Monday, September 21, 2009

In Death is Wisdom: Gilgamesh and Ecclesiastes

I am about to teach the Epic of Gilgamesh again. My students read the Standard Babylonian version, basically since it is the best preserved. This version transforms the earlier epic versions into something of an epic wisdom text, particularly regarding the Utnapishtim's speech at the end. This speech and the Standard Babylonian version as a whole remind me of Ecclesiastes in many respects. They both concern themselves with the inevitability of death and, in a way, the meaninglessness of much of life. Coming to terms with both aspects leads to wisdom. Nonetheless, they approach this whole coming-to-terms-with-death-is-the-foundation-of-wisdom in different ways. Of course, one is narrative and couched in conversation between Gilgamesh and Utnapisthim. The other is a more wisdom text--a radical one, in fact--but appears more in the form of a treatise as the "Preacher" goes through all aspects of life to show how they are all a "chasing after the wind."

The Standard Babylonian version of Gilgamesh would have been known by its first line: "He who Saw the Deep." It reads:

He who saw the Deep, the country's foundation,
[who] knew..., was wise in all matters!
[Gilgamesh, who] saw the Deep, the country's foundations,
[who] knew..., was wise in all matters!
(1.1-4; all translations by Andrew George)

In the subsequent narrative, Gilgamesh does not act very wise at all. In fact, he acts rather stupidly and is depicted as a horrible tyrant who will only be tamed by Enkidu.
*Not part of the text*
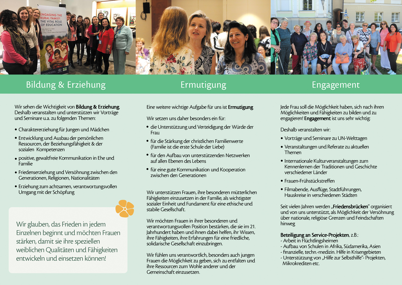 Nachdem beim Vorstandstreffen im März 2014 beschlossen wurde, Broschüren mit verschiedenen Themen der Frauenföderation herzustellen, ist es jetzt so weit.
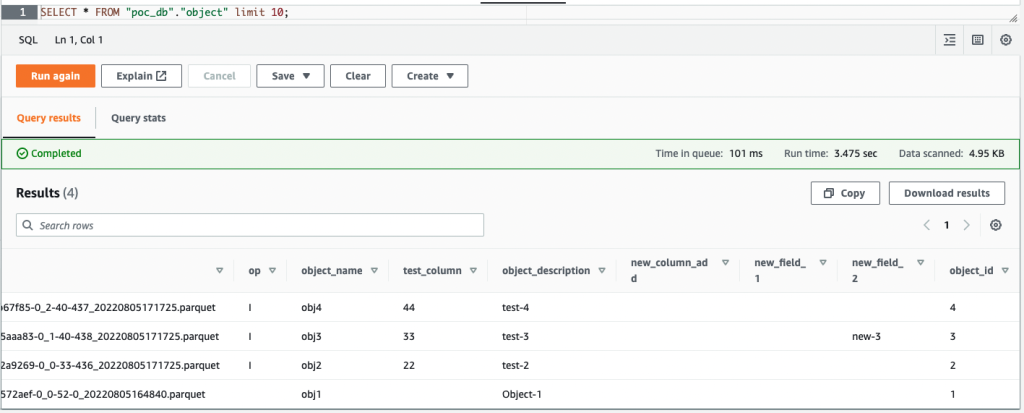 Now we complete the following steps to change the schema at the source. Trigger the Lambda function after each step to generate a file in the POC/db/object folder within the raw bucket. AWS DMS almost instantly picks up the schema changes and reports to the raw bucket.

It will only be after Enkidu's death and after Gilgamesh's journey to the end of the world where the only immortalized human, Utnapisthim who survived the flood, lives. Gilgamesh's failure at immortality will coincide Utnapishtim's advice to the king. Ultimately, the lesson will be that immortality will be gained through one's constructive acts--such as rebuilding the walls of Uruk. This is quite a different response than the Iliad, for example, where undying glory is attained through destruction. Yet, ultimately, Gilgamesh will become, we presume, the wise king who "saw the deep." Having seen the deep things of the world, he will understand how ephemeral his own existence is.
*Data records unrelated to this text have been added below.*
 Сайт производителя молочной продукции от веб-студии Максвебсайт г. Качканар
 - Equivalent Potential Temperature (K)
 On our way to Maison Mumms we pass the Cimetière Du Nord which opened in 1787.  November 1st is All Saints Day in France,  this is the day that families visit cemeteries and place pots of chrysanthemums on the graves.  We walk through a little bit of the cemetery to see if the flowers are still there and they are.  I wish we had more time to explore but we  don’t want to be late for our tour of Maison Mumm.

Yet the attainment of wisdom by seeing the deep is set up as an impossibility in the late biblical wisdom traditions:

All this I have tested by wisdom; I said, "I will be wise," but it was far from me. That which is, is far off, and deep, very deep; who can find it out? (Eccl. 7:23-24; RSV)

In Gilgamesh, wisdom was garnered by journeying to the end of the earth and investigating the deep things by his superhuman, heroic strength (he was 2/3 divine, 1/3 human after all). He could bound in a few days what for others would take several months to journey. The author of Ecclesiastes also puts these foundations "far off" and in the "deep." But these places can not be found by any normal human being. We are not all Gilgameshes. No one really is. So how can we find this wisdom? We can't. But the Preacher does not give up because it is impossible, but merely recognizes it as another "chasing after the wind." Instead, the Preacher comes to wisdom (that there is no wisdom) not by superhuman feats of strength, but by observation of the surrounding world.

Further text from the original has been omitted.